For my own self, as a former practicing Physician with more than 60 years experience, I have encountered and dealt with a wide range of attitudes, responses and reactions to the anticipation and reality of death from my patients and their families. Throughout this period I have never tried to predict or influence other people’s attitudes, but have always tried to assist them in accepting its reality without disappointments or regrets. For myself, I see death as merely a brief stop on the journey of life. What matters above all is the quality of life led, for I firmly believe that a person who has lived a full and fulfilling life has no reason to fear death. There is a purpose in dying which cannot be fathomed in the same way that birth itself is always unfathomable. I have previously expressed my view the following statement: “To me, life and death are not random series of transient, overlapping and unrelated experiences destined to be consigned to oblivion upon completion, but they are both points on a continuum of life. I believe life is a precious expression of a greater plan in which our time spent on earth is but a short segment of a journey which began in eternity and will continue to eternity.”

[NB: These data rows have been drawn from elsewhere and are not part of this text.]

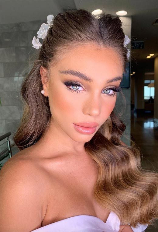 For brides who want a balance between updo and down, this glamorous half up hairstyle with floral accents is ideal. It combines sophistication with a touch of whimsy.
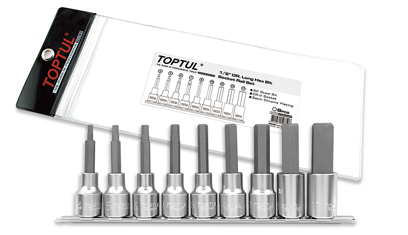 Набор торцевых головок 1/2" с шестигранными вставками 4-17 мм L=80 мм на планке 9 предметов TOPTUL купить в Твери и других городах России
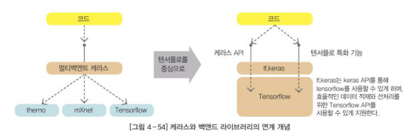 - 모든 종류의 신경망을 만들고, 훈련하고, 평가하며, 사용할 수 있는 고수준 딥러닝 API

I believe that an integral part of our living must of necessity involve our preparation for dying. In our early years, we were consumed with life, vitality and achieving our dreams, so death occupied a very minor portion in our thinking. But as we grew older we are faced increasingly with the natural urge to consider the likelihood of dying and must spend time in making preparation. I am always bothered by those who avoid, deny or are afraid to deal with the subject, or spend all their time and effort trying to “beat it”. By doing this, the person ends up cheating himself of the reality of his death, and the opportunity of peaceful acceptance.  Like the analogy of the “half-full/half-empty glass,” the person who thinks of his life as half-empty is destined to spend all his days in constant search without any fulfillment, even to the very end when all is spent. While the other, who views his life as half-full, will continue to enjoy his living as he spends the rest of his life to the last drop in fulfillment. Stephen Benet, the highly respected American poet and author of short stories drew attention to the futility of this approach when he noted:



 “Life is not lost by dying; Life is lost minute by minute, day by dragging day, in all the thousand small uncaring ways.”

-Indeed, in the final analysis, the quality of the life we will eventually spend on this earth will depend entirely on how we view our mortality. And unless we diligently take the necessary steps to understand the true relationship between life and death, we are destined to live it out in anxious anticipation.